Task details. Word for word, restate the data that follows, omitting the images.

Dataset excerpt.
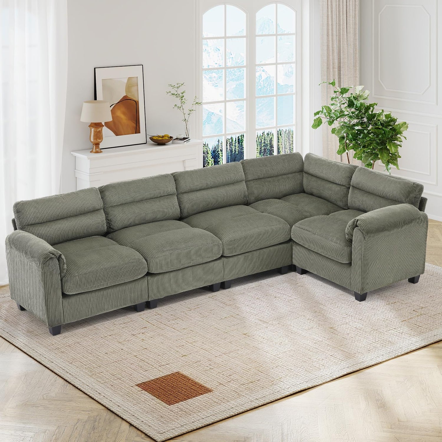 HAOMARKETS 115” Modular Sectional L Shaped Corner Sofa, Corduroy 5-Seater Couches with Thick Cushion for Living Room, Green
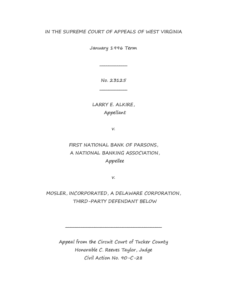 Get the free Alkire v. First Nat. Bank of Parsons - West Virginia - Case Law
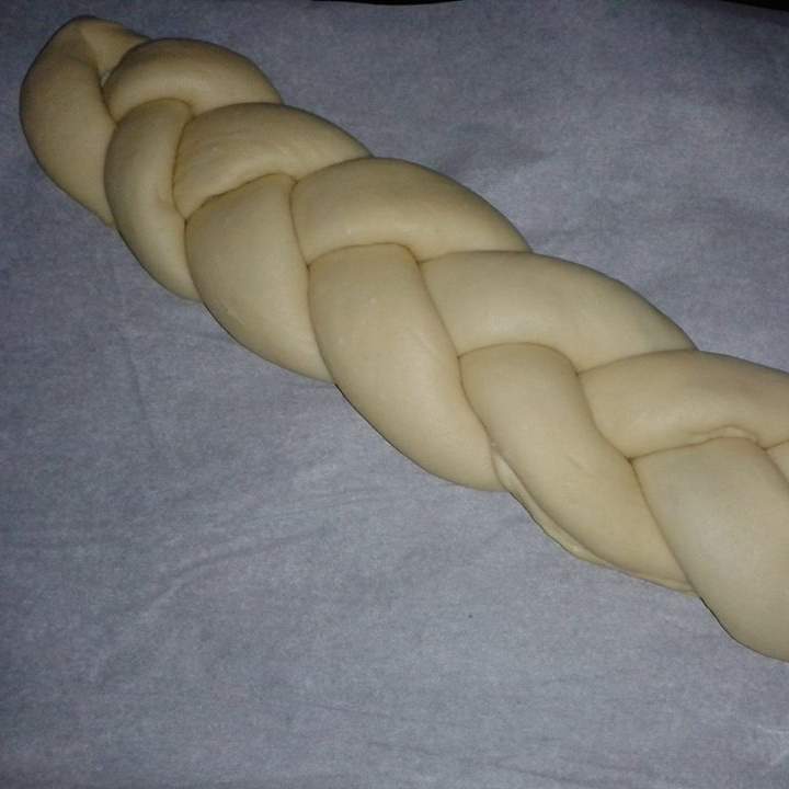 4) Rivestire la placca del forno con cartaforno e adagiarvi la treccia, coprire bene e lasciare lievitare finchè il volume non sarà raddoppiato, circa 2 ore.

Finished exercise.
 HAOMARKETS 115” Modular Sectional L Shaped Corner Sofa, Corduroy 5-Seater Couches with Thick Cushion for Living Room, Green
 Get the free Alkire v. First Nat. Bank of Parsons - West Virginia - Case Law
 4) Rivestire la placca del forno con cartaforno e adagiarvi la treccia, coprire bene e lasciare lievitare finchè il volume non sarà raddoppiato, circa 2 ore.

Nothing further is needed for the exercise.